▶ _ABOUT THIS EXERCISE_:
Each entry below should be written out exactly as it is, with no pictures.

══ DATASET EXCERPTS ══

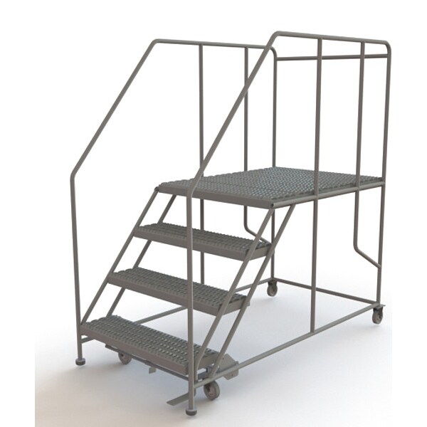 Single Access Rolling Platform, Material Steel, Platform Style Single Access, Platform Height 40 in, Load Capacity 800 lb, Number of Modular Decks 1, Base Depth 74 in, Bottom Width 40 in, Platform Depth 47 in, Platform Width 36 in, Overall Height 6 ft 4 in, Handrail Height 3 ft, Number of Guard Rails 3, Number of Legs 4, Number of Steps 4, Step Width 36 in, Step Depth 10 in, Climbing Angle 50 Degrees , Step Tread Serrated, Color Gray, Finish Powder Coated, Standards ANSI, OSHA Compliant
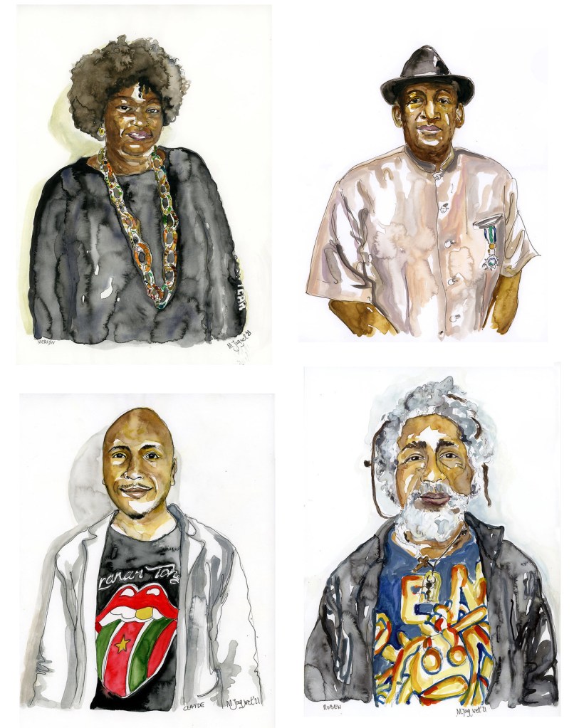 ‘Merlyn’, ‘Ricardo’, ”Clayde’, ‘Ruben’ – pen and watercolor on 29,7 x 42 cm paper
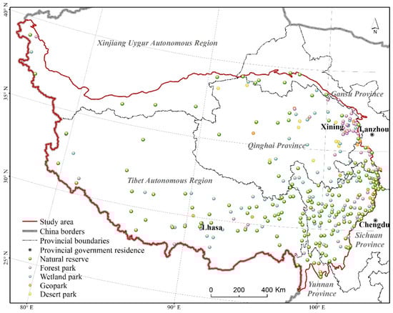 The Qinghai–Tibet Plateau involves six Chinese provinces: Tibet Autonomous Region, Xinjiang Uygur Autonomous Region, Qinghai Province, Gansu Province, Sichuan Province, and Yunnan Province (Figure 1). There are five main types of natural protected areas, including nature reserves, forest parks, wetland parks, geoparks, and desert parks. Among them, there are 174 nature reserves. The total human population in these natural protected areas is 1.41 million people, and the population density is 1.6 people/km2.
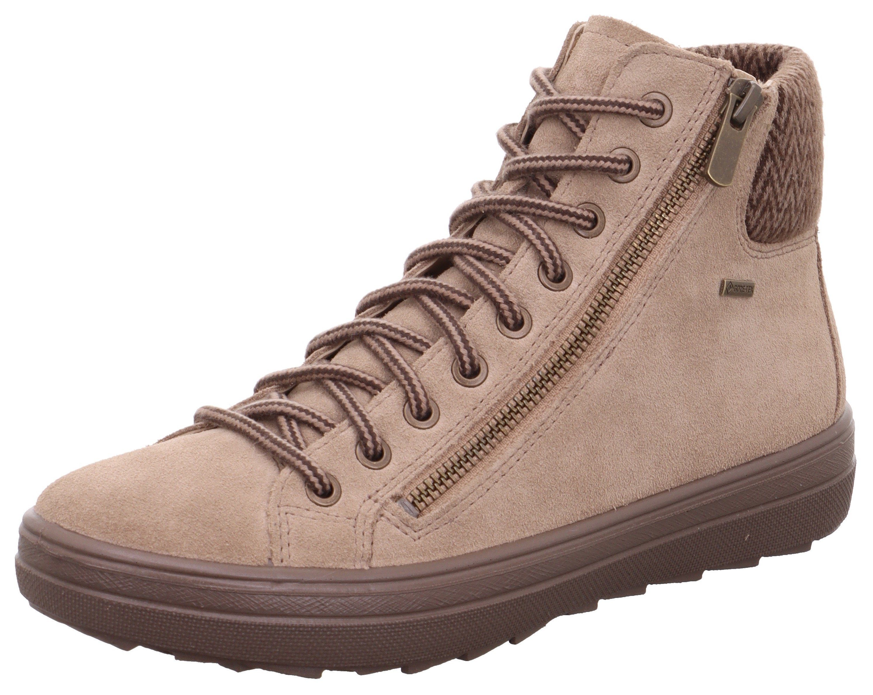 Die Gore-Tex®-Membran hat sehr feine Poren, die Wasserdampf von innen nach außen lassen. Regen und Schnee können jedoch nicht eindringen. Damit ist der Schuh sowohl atmungsaktiv als auch wind- und wasserdicht. Zehen und Füße werden vor frostigen Temperaturen geschützt. Die profilierte Synthetik-Sohle der Winterboots gibt dir auch auf unebenem Untergrund einen guten Halt. Innerhalb des Schuhs sorgt das Futter für eine angenehme Wärme. Der Plateauabsatz schafft zusätzliche Höhe und verbessert gleichzeitig den Komfort. Schmale bis normale Füße finden in diesen Winterboots der Weite F optimalen Komfort.
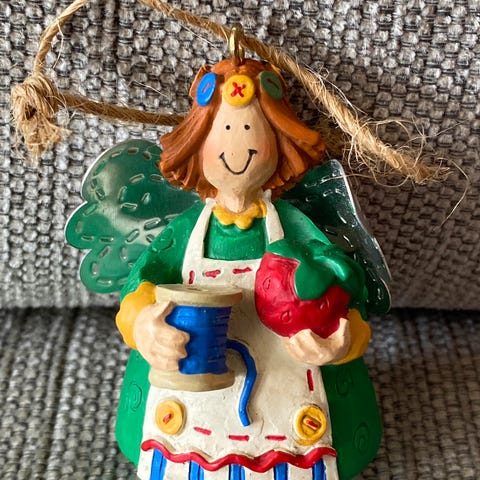 Denne kjøkken engelen fra Gooseberry Patch er omtrent 6.5 cm høy.
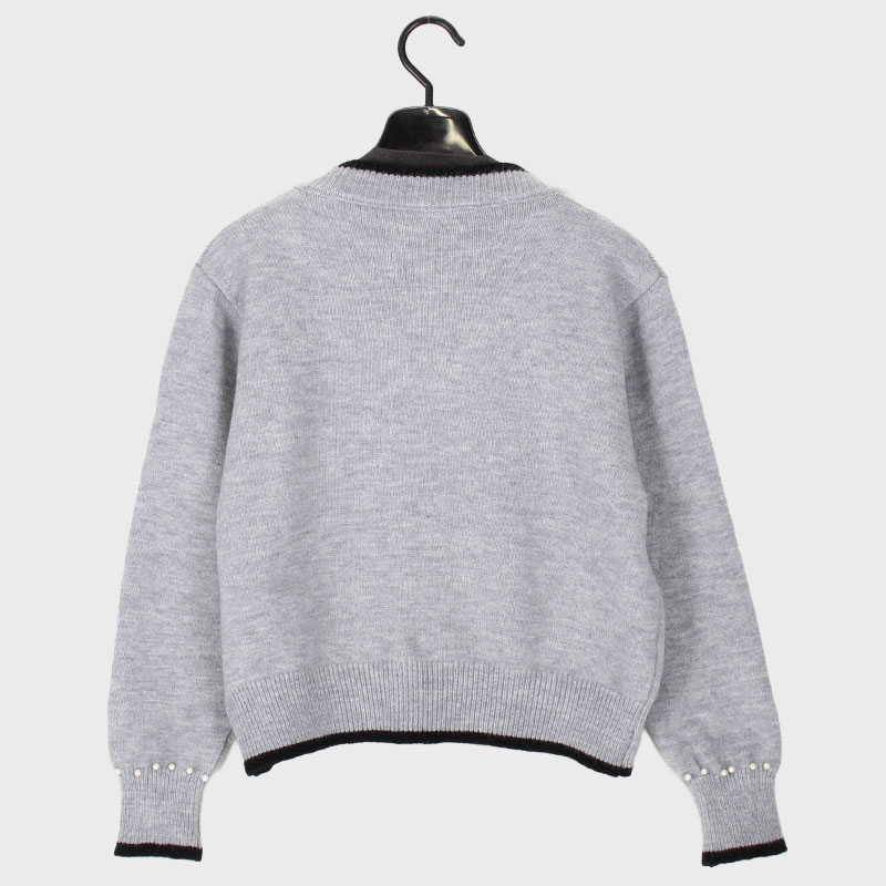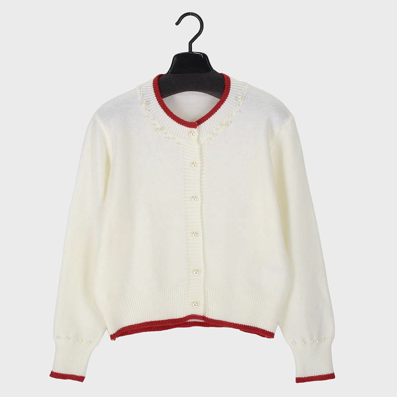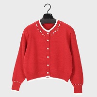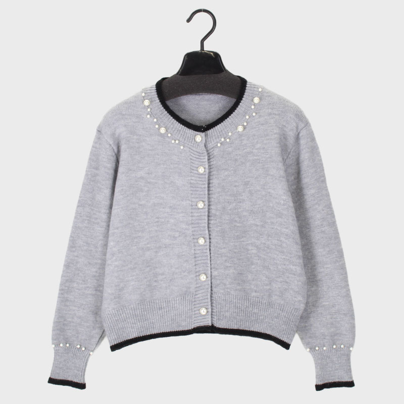 婦人丸首ニットカーディガン(パール付き)
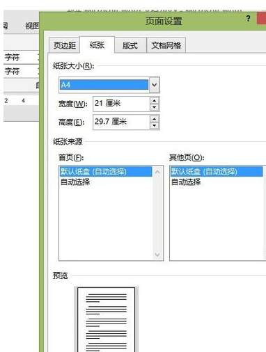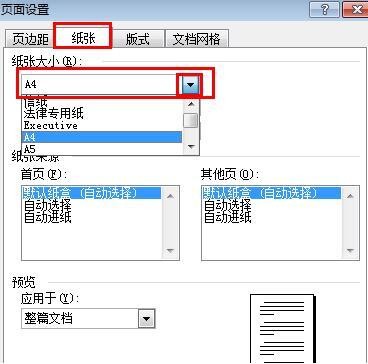 2,打开“页面设置”对话框,切换到“纸张”选项卡。在“纸张大小”下拉列表中选择合适的纸张的类型,例如选择“A4”纸张。
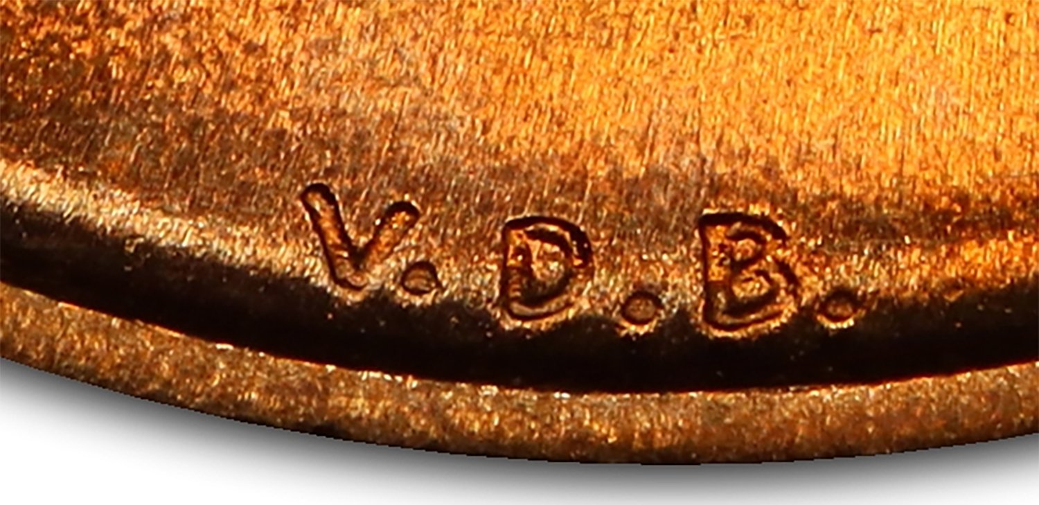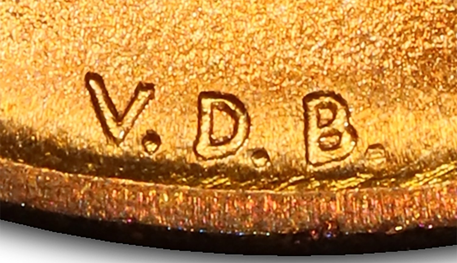 << <i>The initials were hand cut into the master dies, unlike the rest of the inscriptions. (Brenner had been told to use initials, but the reverse model he sent had his name on it. Engraver Barber was told to replace the name with initials "VDB" so there would be no confusion with "B" for Barber.) >>
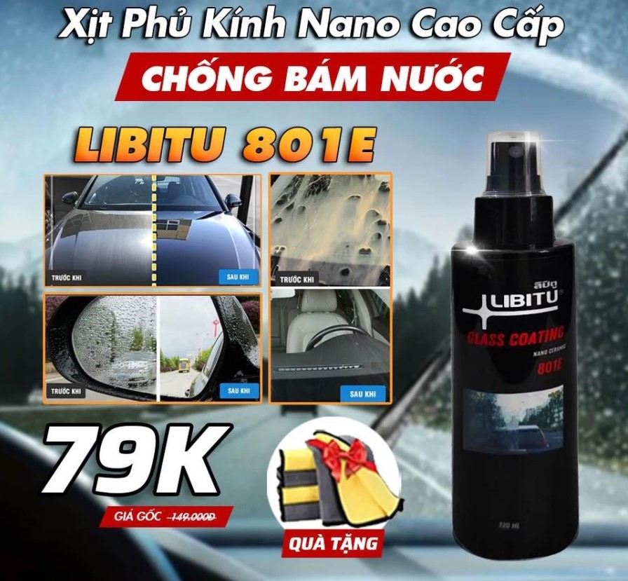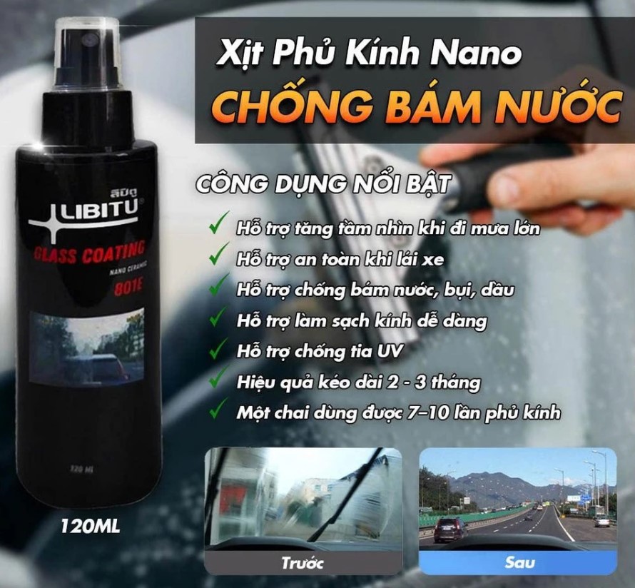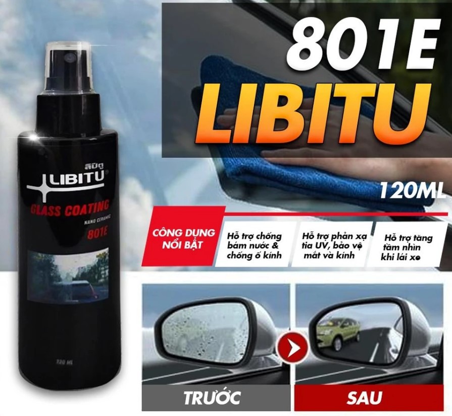 Bình xịt phủ kính nano LIBITU 801E là giải pháp hoàn hảo giúp bạn chống bám nước, chống bám dầu và bụi bẩn trên kính xe. Với công nghệ phủ nano tiên tiến, sản phẩm tạo nên hiệu ứng lá sen, giúp nước trượt nhanh khỏi bề mặt kính, mang lại tầm nhìn rõ nét và an toàn khi lái xe dưới mưa hoặc ban đêm.
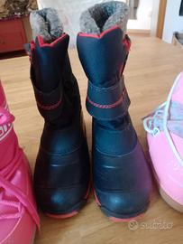 scarponi da neve, fucsia n 32/34,rosa n 32/34,neri 33/34. Vendo a 7 euro al paio
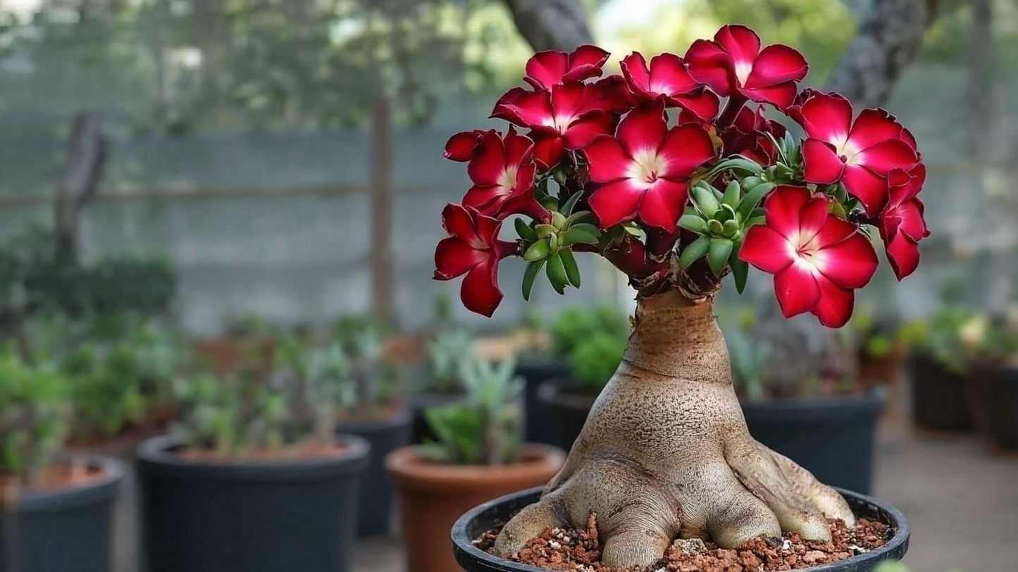 Our adeniums are carefully grafted and nurtured for stronger roots, richer colors, and long-lasting blooms.
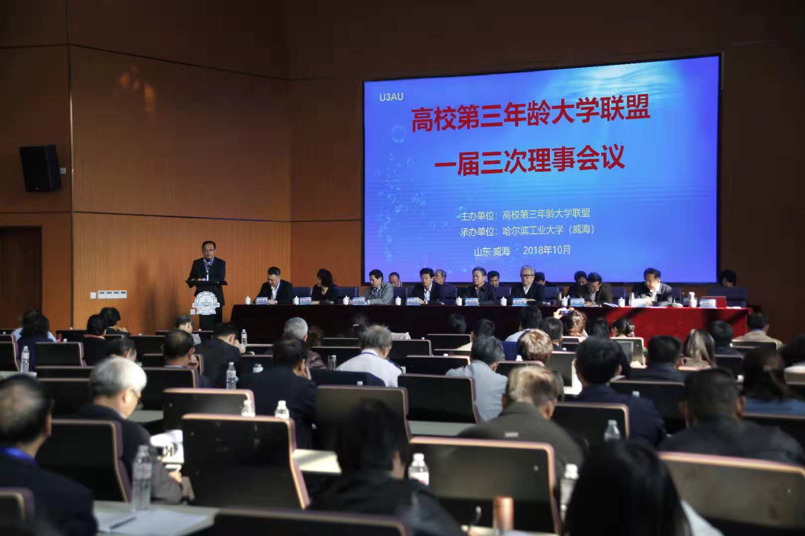 2018年10月25--26日,高校第三年龄大学联盟一届三次理事会议在哈尔滨工业大学(威海)召开,来自全国各地57个理事单位的99位代表参加会议,我校离退休工作处副处长王剑忠、老年学院副院长方旭升参加了会议。本次会议的主题是:学习习近平新时代中国特色社会主义思想,贯彻《老年教育发展规划(2016-2020年)》;推进高校第三年龄大学联盟内涵建设。
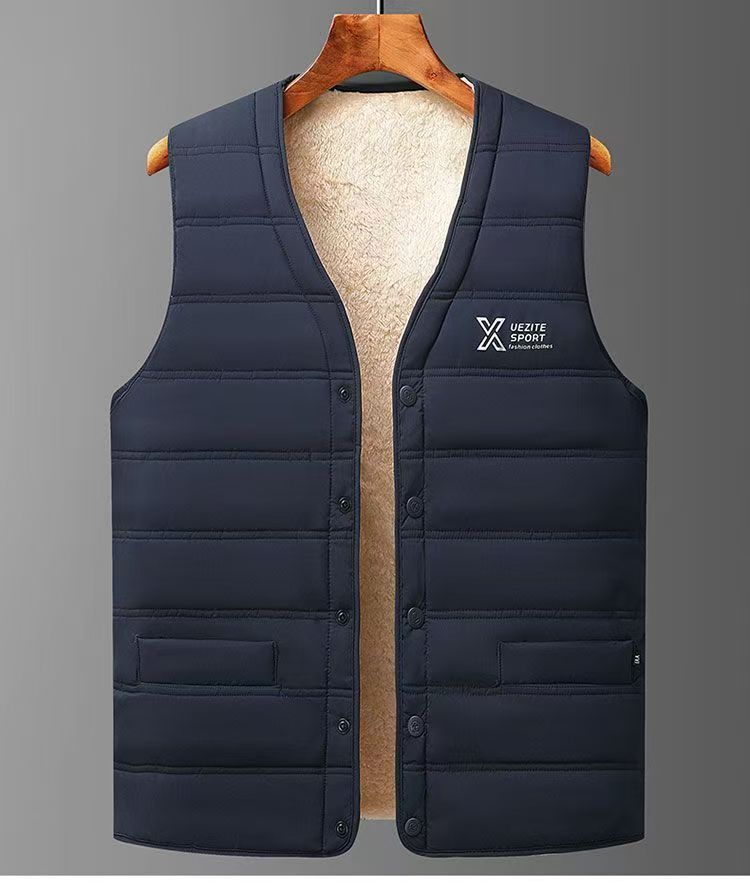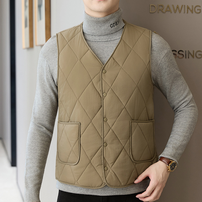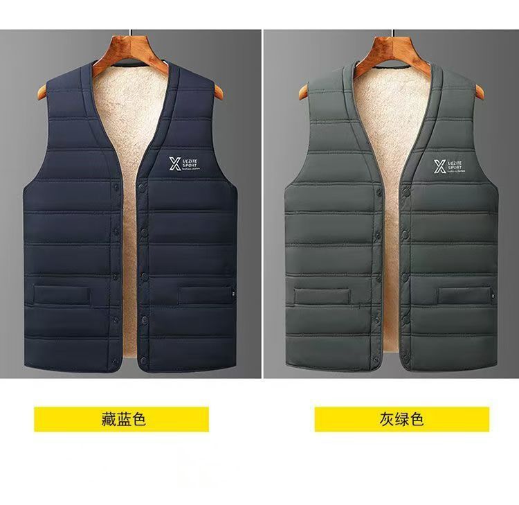 秋冬用ダウン綿入り新型中高年向け厚手メンズ保温インナーベスト、大きいサイズ、お父さん向け
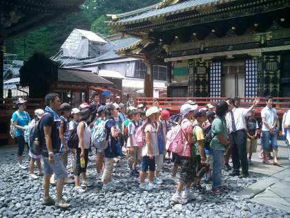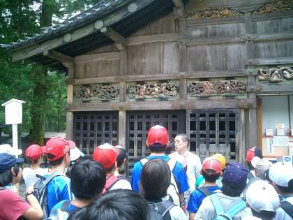 日光林間学園 その4 【東照宮にて 2】 公開日 2010/07/30 更新日 2010/07/30 今日のできごと 『見猿 言わ猿 聞か猿』の三猿を見学した後は、左甚五郎作の『眠り猫』を見ました。徳川家康公のお墓まで何百段の階段を昇り降りしました。疲れました。
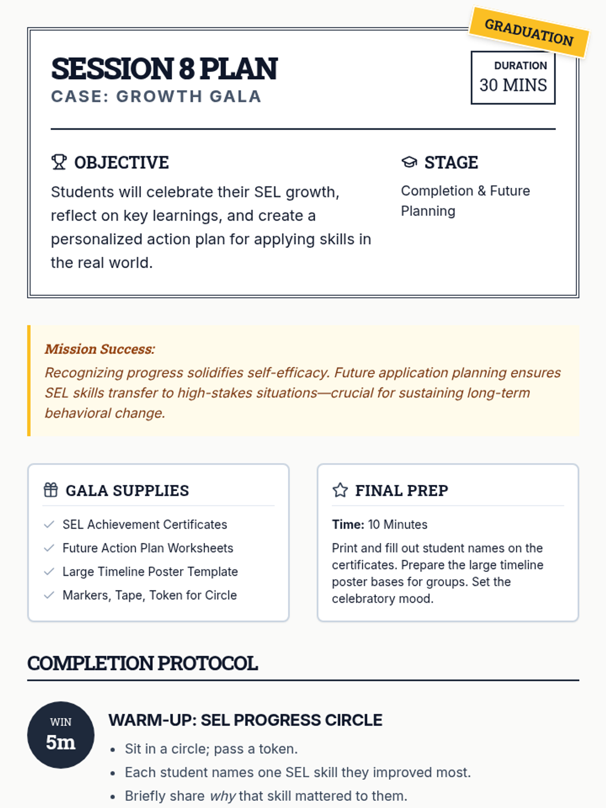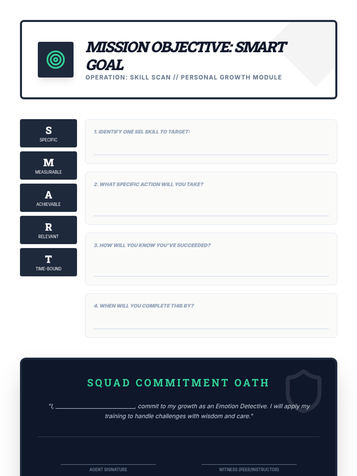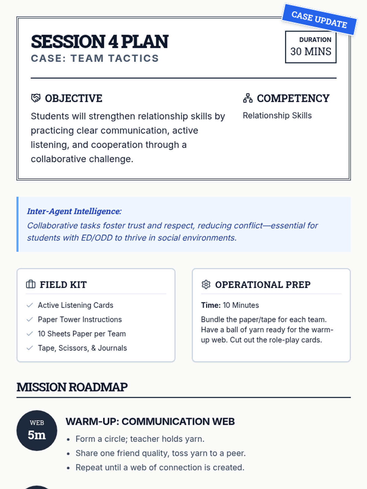 An 8-session intensive social-emotional learning program designed for middle school students with emotional disturbances and ODD, using a detective-themed approach to master self-awareness and relationship skills.

═══

▶ _EXERCISE ANSWER_:
 Single Access Rolling Platform, Material Steel, Platform Style Single Access, Platform Height 40 in, Load Capacity 800 lb, Number of Modular Decks 1, Base Depth 74 in, Bottom Width 40 in, Platform Depth 47 in, Platform Width 36 in, Overall Height 6 ft 4 in, Handrail Height 3 ft, Number of Guard Rails 3, Number of Legs 4, Number of Steps 4, Step Width 36 in, Step Depth 10 in, Climbing Angle 50 Degrees , Step Tread Serrated, Color Gray, Finish Powder Coated, Standards ANSI, OSHA Compliant
 ‘Merlyn’, ‘Ricardo’, ”Clayde’, ‘Ruben’ – pen and watercolor on 29,7 x 42 cm paper
 The Qinghai–Tibet Plateau involves six Chinese provinces: Tibet Autonomous Region, Xinjiang Uygur Autonomous Region, Qinghai Province, Gansu Province, Sichuan Province, and Yunnan Province (Figure 1). There are five main types of natural protected areas, including nature reserves, forest parks, wetland parks, geoparks, and desert parks. Among them, there are 174 nature reserves. The total human population in these natural protected areas is 1.41 million people, and the population density is 1.6 people/km2.
 Die Gore-Tex®-Membran hat sehr feine Poren, die Wasserdampf von innen nach außen lassen. Regen und Schnee können jedoch nicht eindringen. Damit ist der Schuh sowohl atmungsaktiv als auch wind- und wasserdicht. Zehen und Füße werden vor frostigen Temperaturen geschützt. Die profilierte Synthetik-Sohle der Winterboots gibt dir auch auf unebenem Untergrund einen guten Halt. Innerhalb des Schuhs sorgt das Futter für eine angenehme Wärme. Der Plateauabsatz schafft zusätzliche Höhe und verbessert gleichzeitig den Komfort. Schmale bis normale Füße finden in diesen Winterboots der Weite F optimalen Komfort.
 Denne kjøkken engelen fra Gooseberry Patch er omtrent 6.5 cm høy.
 婦人丸首ニットカーディガン(パール付き)
 2,打开“页面设置”对话框,切换到“纸张”选项卡。在“纸张大小”下拉列表中选择合适的纸张的类型,例如选择“A4”纸张。
 << <i>The initials were hand cut into the master dies, unlike the rest of the inscriptions. (Brenner had been told to use initials, but the reverse model he sent had his name on it. Engraver Barber was told to replace the name with initials "VDB" so there would be no confusion with "B" for Barber.) >>
 Bình xịt phủ kính nano LIBITU 801E là giải pháp hoàn hảo giúp bạn chống bám nước, chống bám dầu và bụi bẩn trên kính xe. Với công nghệ phủ nano tiên tiến, sản phẩm tạo nên hiệu ứng lá sen, giúp nước trượt nhanh khỏi bề mặt kính, mang lại tầm nhìn rõ nét và an toàn khi lái xe dưới mưa hoặc ban đêm.
 scarponi da neve, fucsia n 32/34,rosa n 32/34,neri 33/34. Vendo a 7 euro al paio
 Our adeniums are carefully grafted and nurtured for stronger roots, richer colors, and long-lasting blooms.
 2018年10月25--26日,高校第三年龄大学联盟一届三次理事会议在哈尔滨工业大学(威海)召开,来自全国各地57个理事单位的99位代表参加会议,我校离退休工作处副处长王剑忠、老年学院副院长方旭升参加了会议。本次会议的主题是:学习习近平新时代中国特色社会主义思想,贯彻《老年教育发展规划(2016-2020年)》;推进高校第三年龄大学联盟内涵建设。
 秋冬用ダウン綿入り新型中高年向け厚手メンズ保温インナーベスト、大きいサイズ、お父さん向け
 日光林間学園 その4 【東照宮にて 2】 公開日 2010/07/30 更新日 2010/07/30 今日のできごと 『見猿 言わ猿 聞か猿』の三猿を見学した後は、左甚五郎作の『眠り猫』を見ました。徳川家康公のお墓まで何百段の階段を昇り降りしました。疲れました。
 An 8-session intensive social-emotional learning program designed for middle school students with emotional disturbances and ODD, using a detective-themed approach to master self-awareness and relationship skills.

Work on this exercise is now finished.